▼▼▼

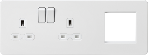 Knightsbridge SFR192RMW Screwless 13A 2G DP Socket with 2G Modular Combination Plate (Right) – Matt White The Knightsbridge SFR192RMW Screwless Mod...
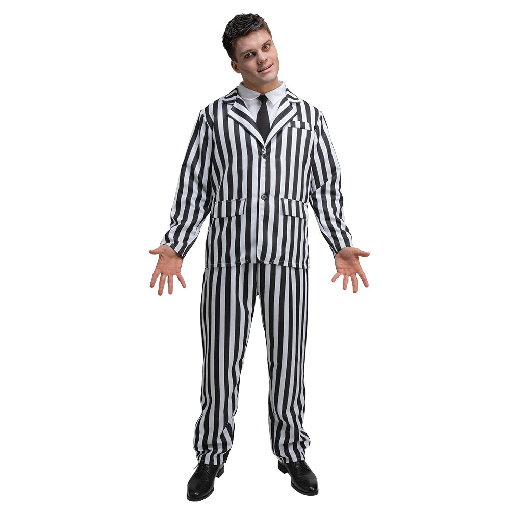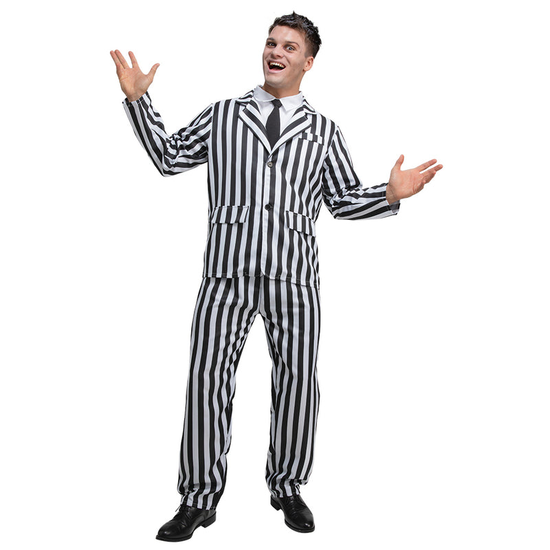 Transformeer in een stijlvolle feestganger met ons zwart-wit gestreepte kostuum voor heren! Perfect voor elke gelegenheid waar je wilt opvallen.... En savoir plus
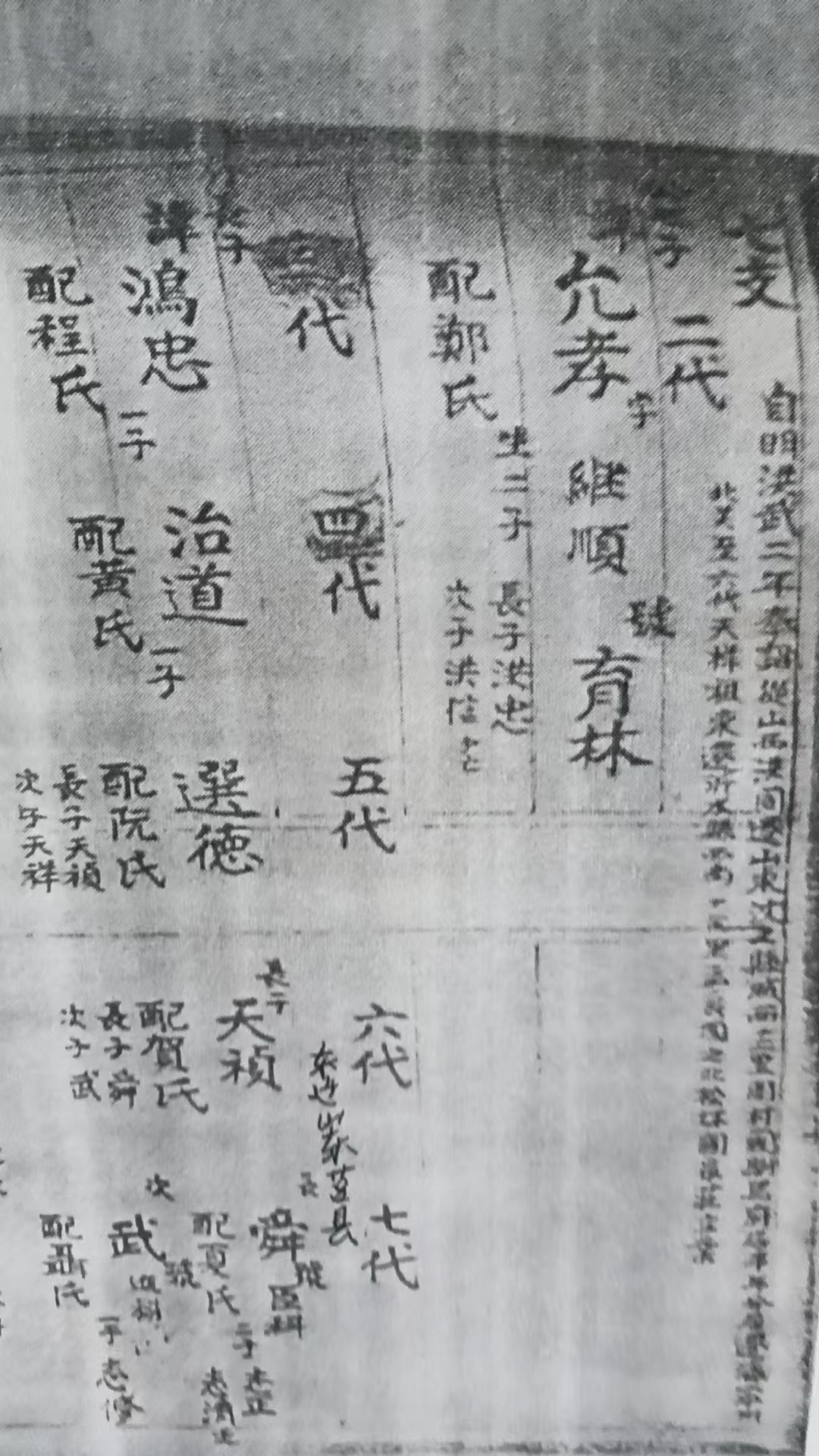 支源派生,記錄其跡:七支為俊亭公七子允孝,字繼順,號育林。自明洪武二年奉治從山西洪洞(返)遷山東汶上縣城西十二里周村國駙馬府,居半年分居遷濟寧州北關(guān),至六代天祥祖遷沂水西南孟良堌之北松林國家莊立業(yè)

▲▲▲
▼▼▼

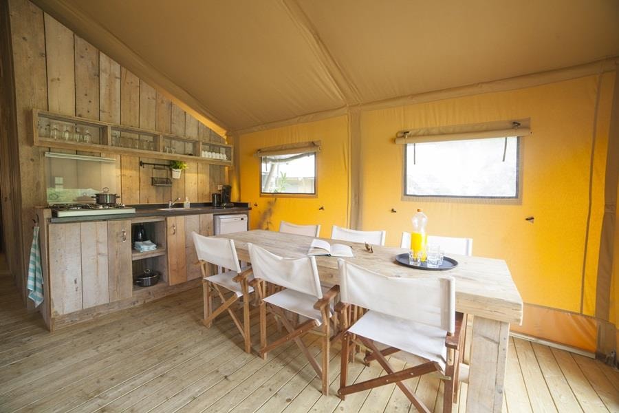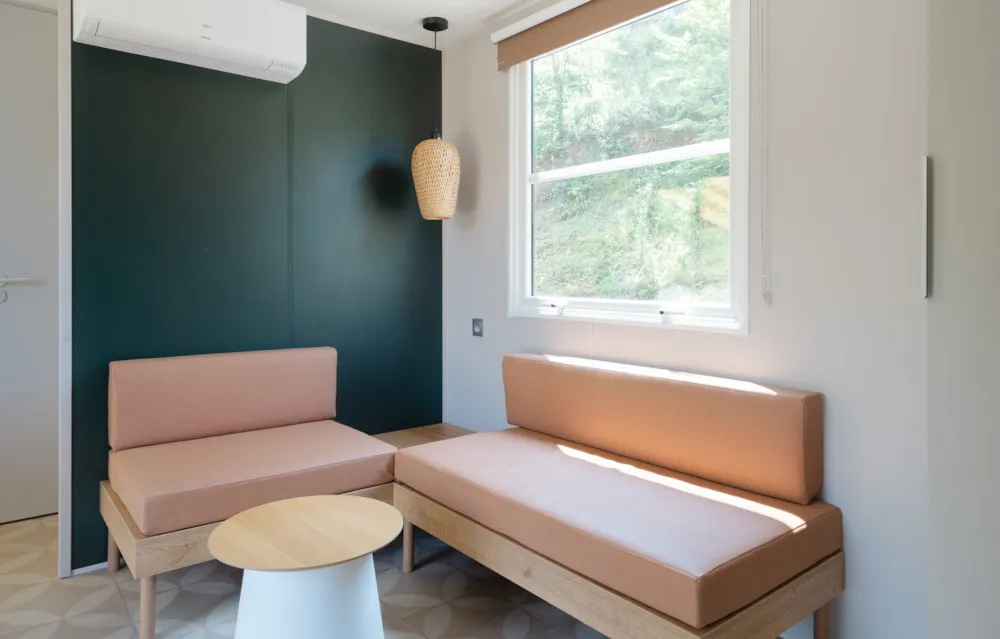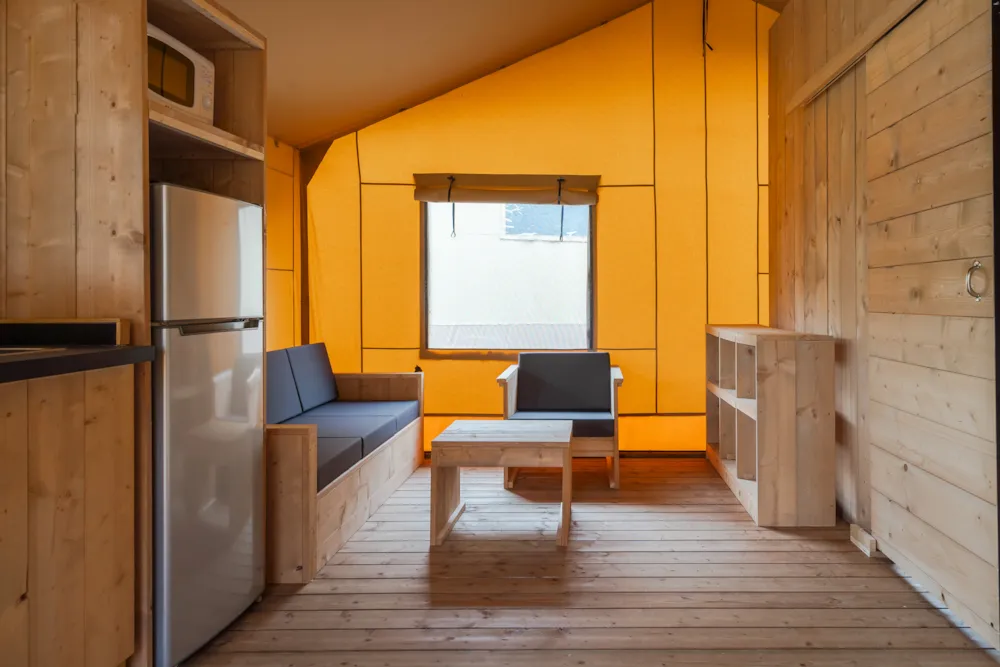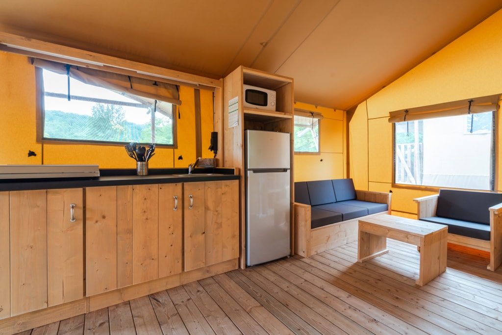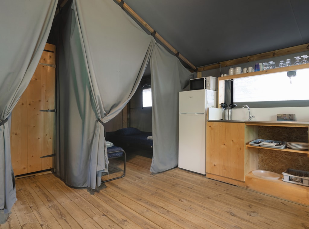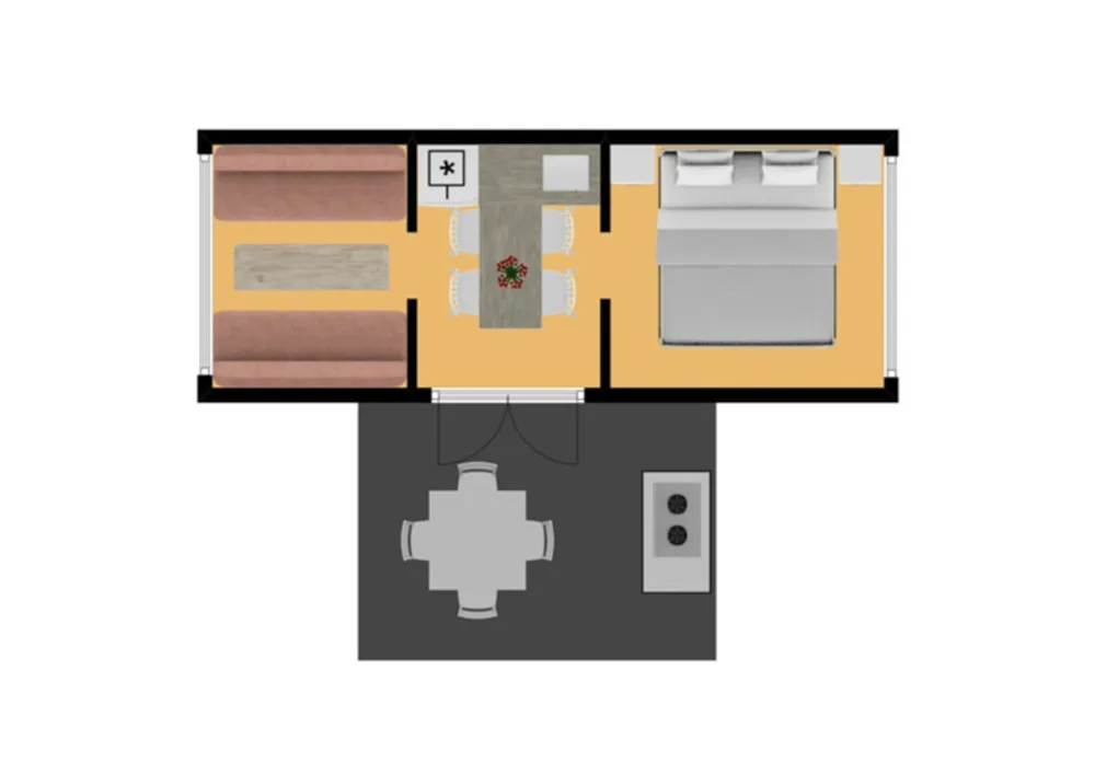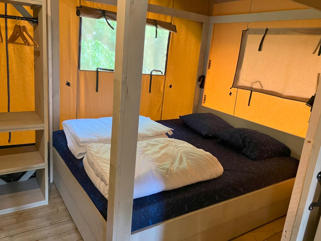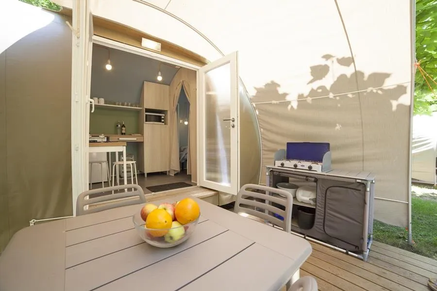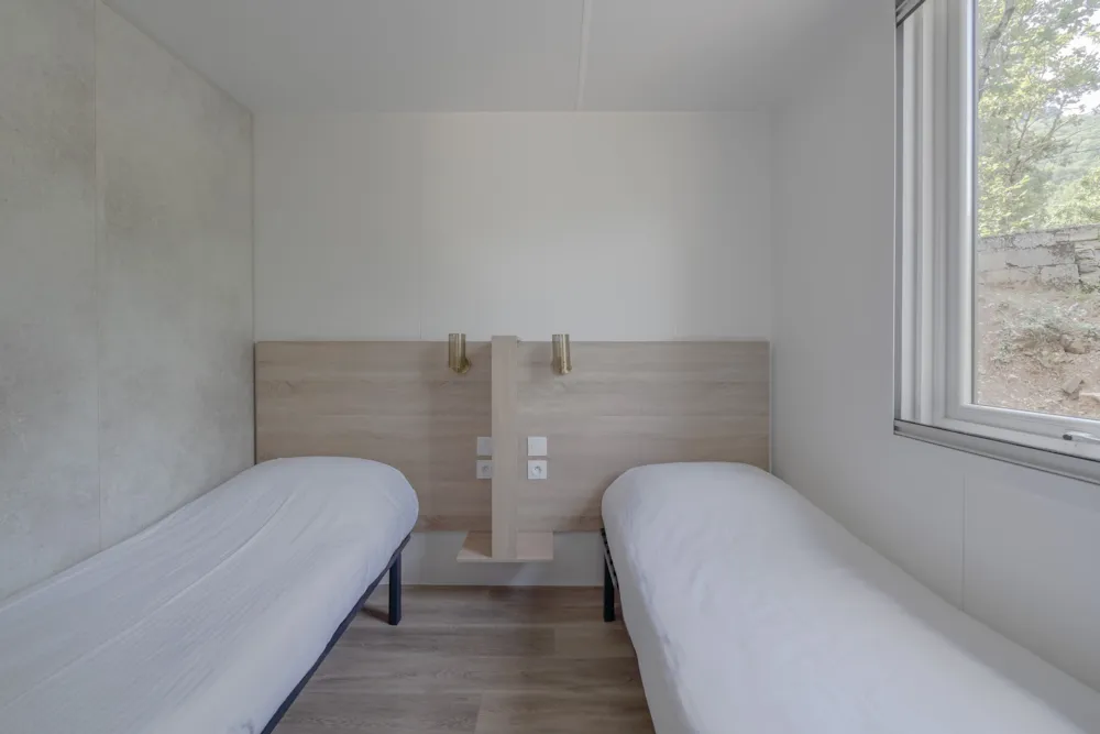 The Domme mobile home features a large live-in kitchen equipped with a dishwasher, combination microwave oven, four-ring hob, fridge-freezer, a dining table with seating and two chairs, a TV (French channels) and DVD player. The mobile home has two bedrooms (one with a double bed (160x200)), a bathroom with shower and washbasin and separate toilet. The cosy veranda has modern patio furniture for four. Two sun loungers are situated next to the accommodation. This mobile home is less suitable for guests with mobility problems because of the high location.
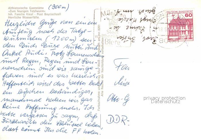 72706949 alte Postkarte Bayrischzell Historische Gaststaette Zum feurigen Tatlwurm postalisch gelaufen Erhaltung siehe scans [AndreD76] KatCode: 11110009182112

▲▲▲
▼▼▼

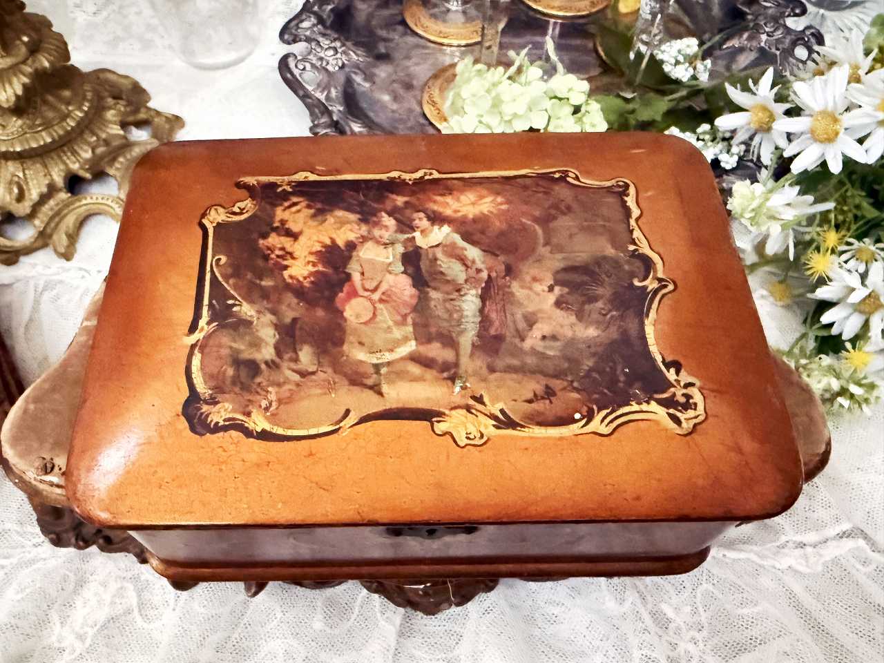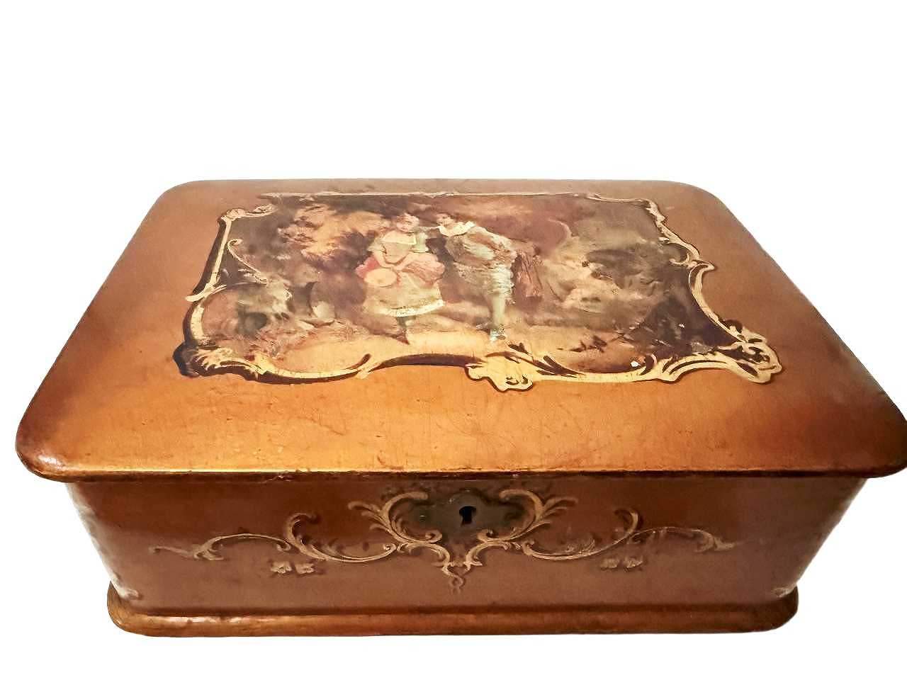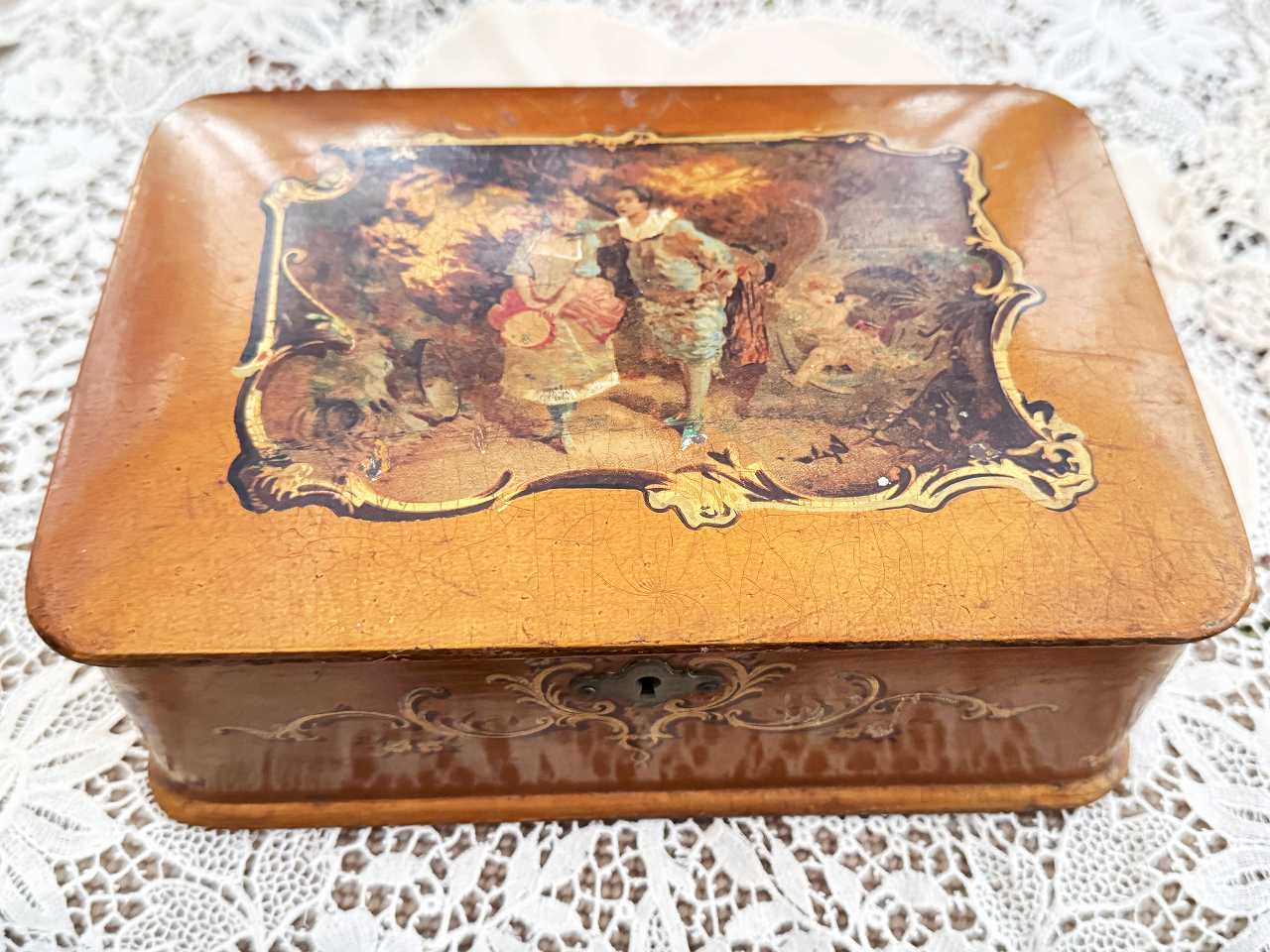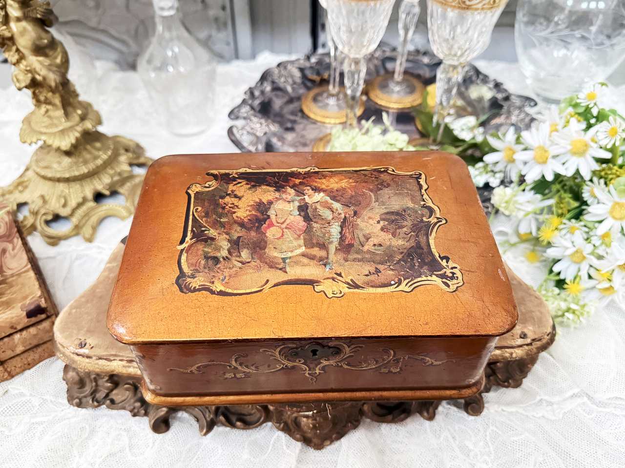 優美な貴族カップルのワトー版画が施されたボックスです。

▲▲▲

▶ _Brief_
For the material above, give again only the lines starting at the line that contains "Knightsbridge SFR192RMW Screwless 13A" and ending at the line that contains "支源派生,記錄其跡:七支為俊". Pictures do not belong in the copy.

▶ _Task output_
 Knightsbridge SFR192RMW Screwless 13A 2G DP Socket with 2G Modular Combination Plate (Right) – Matt White The Knightsbridge SFR192RMW Screwless Mod...
 Transformeer in een stijlvolle feestganger met ons zwart-wit gestreepte kostuum voor heren! Perfect voor elke gelegenheid waar je wilt opvallen.... En savoir plus
 支源派生,記錄其跡:七支為俊亭公七子允孝,字繼順,號育林。自明洪武二年奉治從山西洪洞(返)遷山東汶上縣城西十二里周村國駙馬府,居半年分居遷濟寧州北關(guān),至六代天祥祖遷沂水西南孟良堌之北松林國家莊立業(yè)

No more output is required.